Sometimes life throws you a financial curveball. Maybe your credit card bills have gotten away from you, or you need to do an expensive roof repair. You need a big chunk of cash that you don’t have.
You may want to consider using the equity in your home to tap into some funds. This is called home equity debt. Your equity is the difference between how much your home is worth and how much you still owe on your mortgage.
Types of home equity debt
There are two types of home equity debt: home equity loans and home equity lines of credit, also known as HELOCs. Both are sometimes referred to as second mortgages, because they are secured by your property, just like the original (or primary) mortgage.
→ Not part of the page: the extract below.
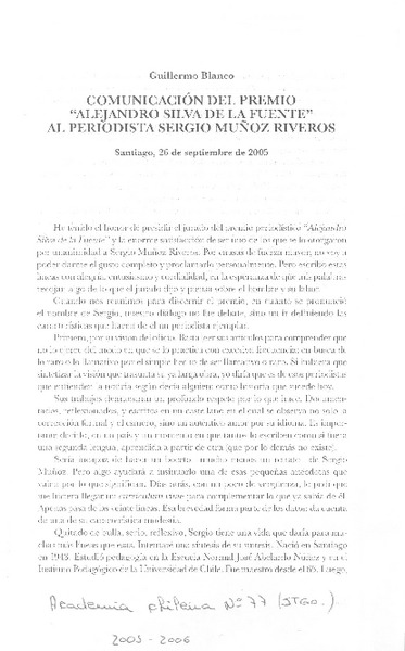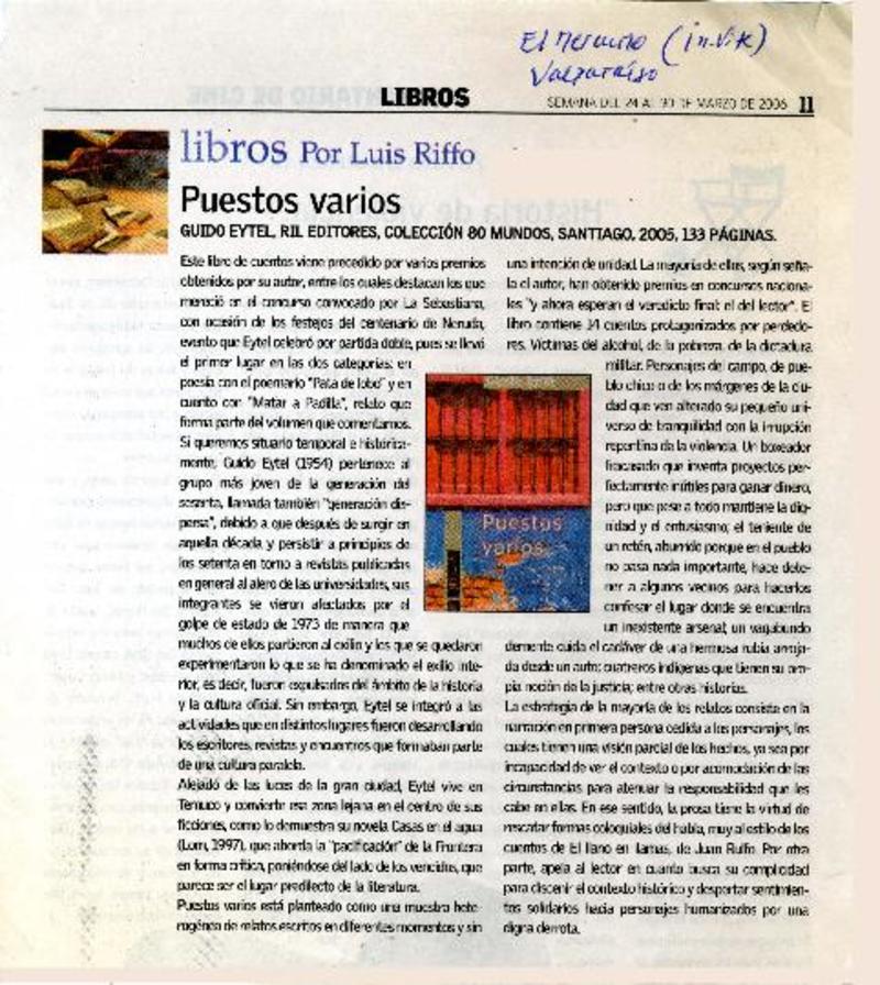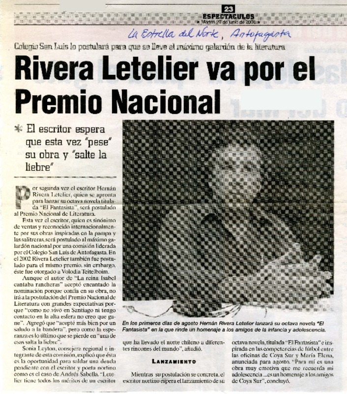 Visita ilustre [artículo]Luis Riffo.

So, what’s the difference?
“A home equity loan is a fixed-rate installment loan where all the money is borrowed in one lump sum at inception and repaid in even monthly payments (or installments) over the term of the loan,” says Greg McBride, CFA, Chief Financial Analyst for Bankrate.com.
“By contrast, a home equity line of credit has a variable interest rate but offers a great deal of flexibility on both the borrowing and the repayment. During the initial draw period, typically 10 years, the homeowner can borrow funds only when they’re needed and has discretion over whether to make a minimum interest-only payment or to pay down the balance more aggressively.”
How to choose which is right for you
Consider what you plan to use the money for.
Home equity loans are best for those seeking debt consolidation or making a big-ticket purchase, McBride says. Because they’re a one-time loan, they aren’t subject to fluctuating interest rates, so your monthly payments remain the same throughout the life of the loan.
Eligibility criteria may be stricter for these types of loans. For example, if the value of your home has decreased, you won’t be eligible for a home equity loan.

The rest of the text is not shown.